LLM-dependent evaluation: Both G-Eval and SAFE rely on LLMs as evaluators, introducing potential circular dependency risks despite verification through human alignment.
Extensibility to multimodal KGs: Future work can extend the framework to knowledge graphs containing multimodal information such as images and tables.

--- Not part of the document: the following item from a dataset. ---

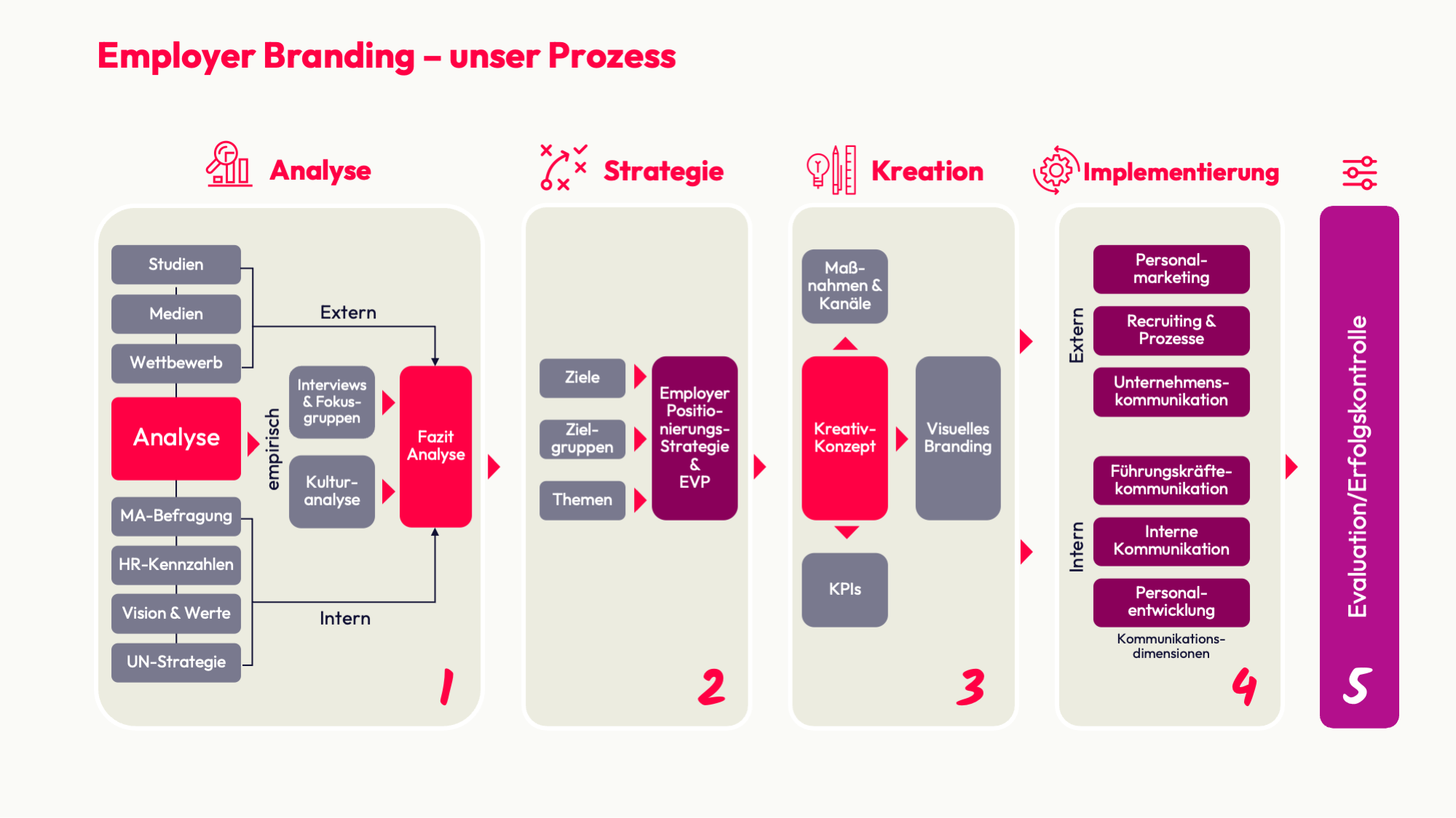 Engagierte Mitarbeitende bilden das solide Fundament für die langfristige Entwicklung von Unternehmen und Institutionen. Das Recruiting, die Gewinnung geeigneter Fach- und Führungskräfte sowie von qualifiziertem Nachwuchs, wird immer mehr zum erfolgskritischen Faktor. Wer im War for Talents bestehen will, braucht eine starke Arbeitgebermarke – und professionelle Kommunikation. Wir unterstützen Organisationen aller Größen beim Finden und Binden der Besten – mit unserem Purpose-orientierten Employer-Branding-Ansatz und maßgeschneiderten Kommunikationslösungen.

G-Retriever (He et al., 2024): The basis of the subgraph retrieval method used in this paper, which applies the PCST algorithm to graph-text QA, although the original work did not focus on evaluating hallucinations.
FActScore (Min et al., 2023) and SAFE (Wei et al., 2024): Two complementary hallucination metrics, with the former based on knowledge-base verification and the latter on search-engine verification.
IRCoT (Trivedi et al., 2022): An interleaved retrieval-reasoning method based on Wikipedia paragraphs. This paper proves that structured KG retrieval outperforms such unstructured RAG systems.
GraphRAG (Edge et al., 2024): A local-to-global Graph RAG method, similar in concept to this framework but focusing on text-centric graphs rather than KGs.
Insight: The fundamental difference between KG augmentation and traditional RAG lies in the utilization of structured relations. Future work could explore encoding KG structures into reasoning chains comprehensible to LLMs, rather than merely injecting them as textual prompts.

Rating¶

Novelty: ⭐⭐⭐ — The algorithmic innovation is relatively limited (mostly benchmark construction and systematic comparison of existing methods), but the open-ended perspective and perturbation evaluations are valuable contributions.
Technical Depth: ⭐⭐⭐ — The framework is clearly formalized and the retrieval methods are comprehensively covered, but it lacks theoretical analysis and novel algorithm design.
Experimental Thoroughness: ⭐⭐⭐⭐⭐ — Highly comprehensive experiments with 5 LLMs × multiple retrieval strategies × various query types × 4 perturbation methods × multi-level perturbation granularities.
Value: ⭐⭐⭐⭐ — The OKGQA benchmark and key insights, such as the 50% perturbation threshold, provide direct guidance for designing practical KG-LLM integrated systems.